The dominant technologies for HDTV are LCD and plasma flat panels. Other novel technologies are under development, but none are close to becoming commercial products any time soon. One of the most promising approaches is organic light-emitting diodes, or OLEDs. These have the promise of an emissive screen that looks like a standard CRT — or better — with a panel that is much thinner and lighter than LCD or plasma.
Many obstacles stand in the way of the success of OLEDs, but DuPont may have taken some giant steps toward solving some of them. One problem is how the OLED material is applied to the substrate. One way involves using expensive vacuum equipment. Another uses ink jets to “print” the material, but this has some challenges for creating uniform displays. DuPont has come up with a relatively simple way to put a liquid coating on a surface, and control where the material “sticks” and where it doesn’t.

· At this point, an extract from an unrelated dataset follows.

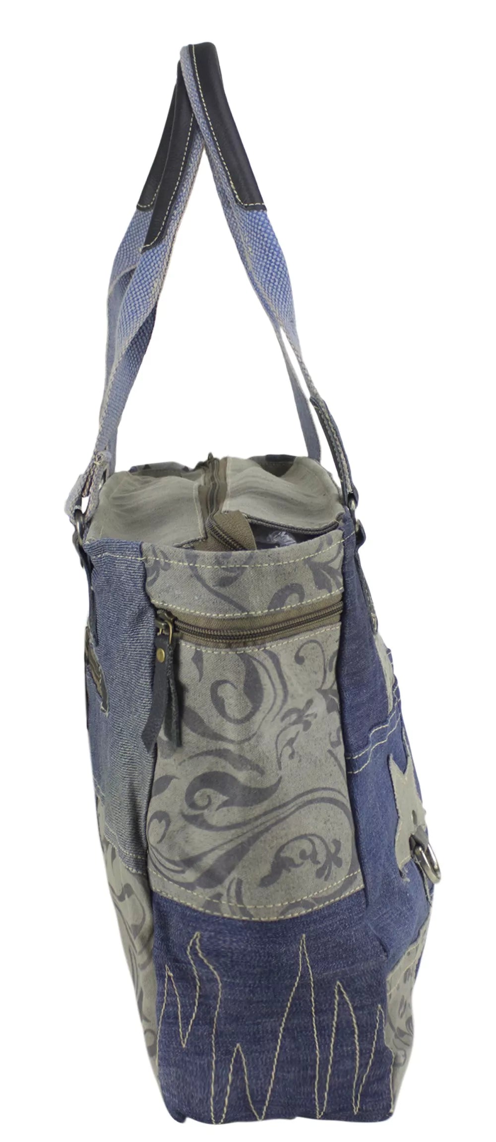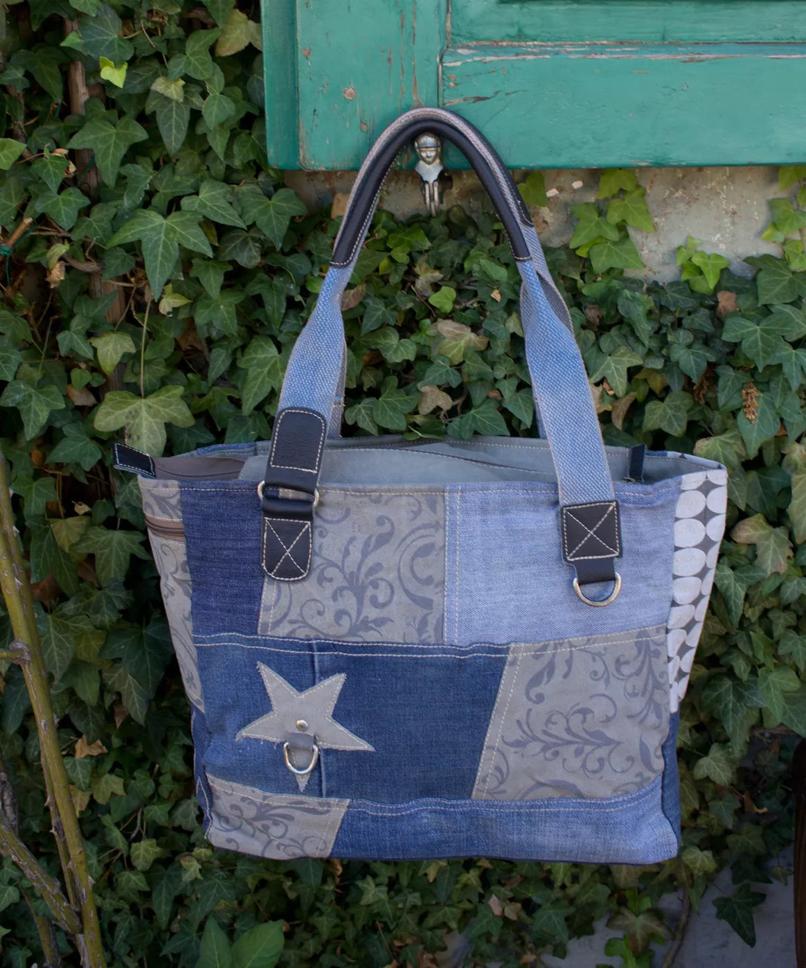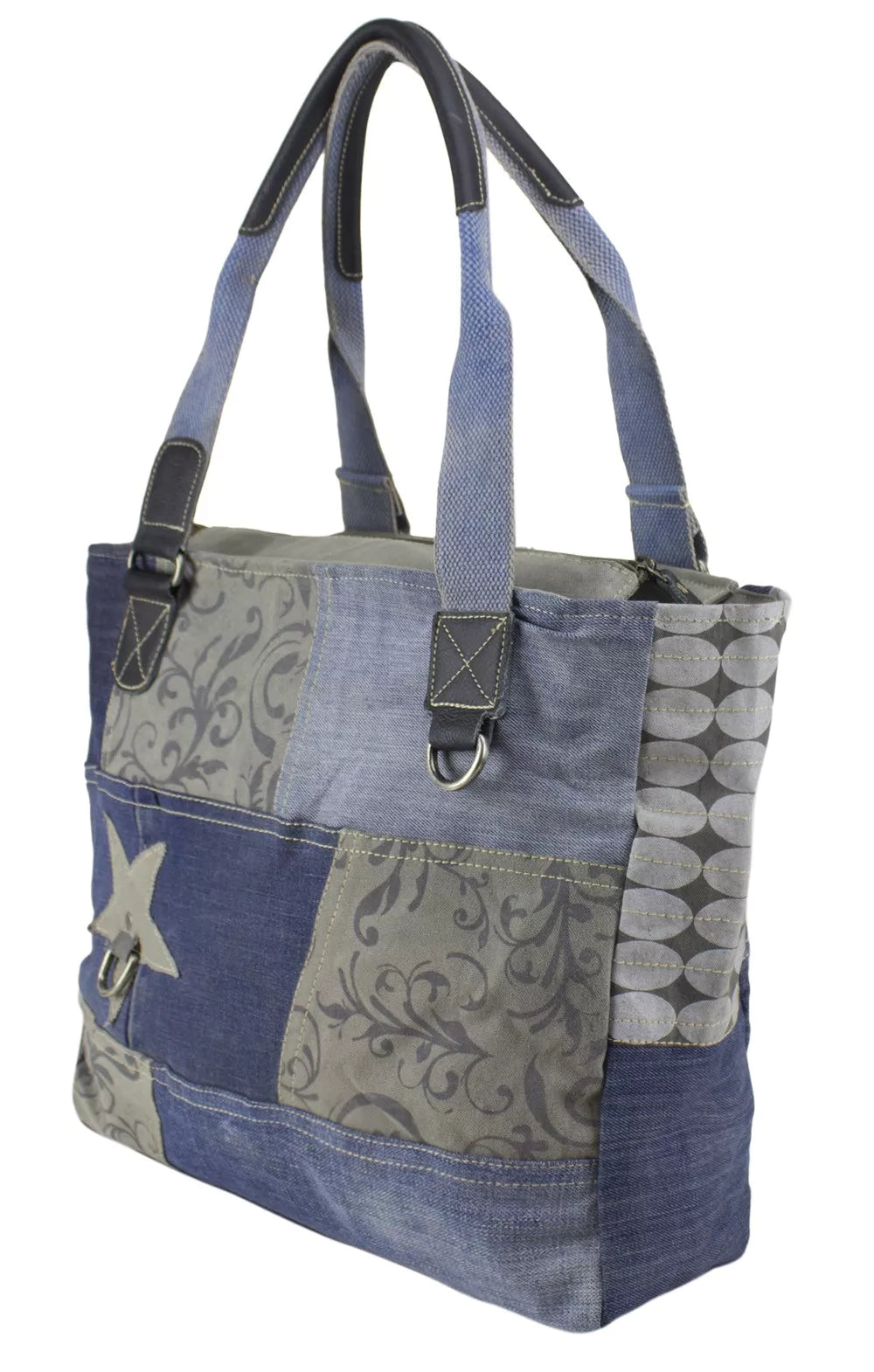 Die Sunsa Damen Handtasche Shopper ist ein Ausdruck von Kreativität und Nachhaltigkeit. Bei Sunsa werden alte Materialien zu einem Teil von etwas Neuem und Einzigartigem. Diese Handtasche besteht aus einer harmonischen Kombination von robustem Canvas und echtem Leder, was ihr nicht nur Stabilität, sondern auch einen authentischen Charme verleiht. Mit Maßen von 39x32x12 cm bietet diese Handtasche ausreichend Platz und ist sogar DIN A4 geeignet, perfekt für Ihre täglichen Bedürfnisse. Sie verfügt über ein Hauptfach und ein Rückfach, beide mit Reißverschlüssen gesichert. Im Inneren finden Sie zusätzlich zwei Einsteckfächer und ein Reißverschlussfach zur einfachen Organisation Ihrer persönlichen Gegenstände. Die Henkel haben eine Höhe von ca. 27 cm, sodass Sie die Schultertasche bequem über der Schulter tragen oder in der Hand halten können. Das besondere Patchwork-Design verleiht dieser Tasche einen einzigartigen Look und macht sie zu einem echten Blickfang. Entdecken Sie den einzigartigen Charme der Sunsa Damen Handtasche Shopper, die nicht nur stilvoll, sondern auch umweltfreundlich ist und Ihnen hilft, Ihren persönlichen Stil auszudrücken.

If DuPont can make this new manufacturing process work, it could result in less expensive and higher quality OLED panels. It will probably take a few years for this to become a reality, but according to DuPont, the total fabrication costs for a 15.4-inch wide format HDTV panel should be only 70% of LCD costs. And this even assumes lower yields for the OLED process than for LCD.
This could be a significant breakthrough for OLED displays, which can have significant performance advantages over LCDs. If DuPont can deliver on the promise of this new technique, we may have some new choices available in a few years.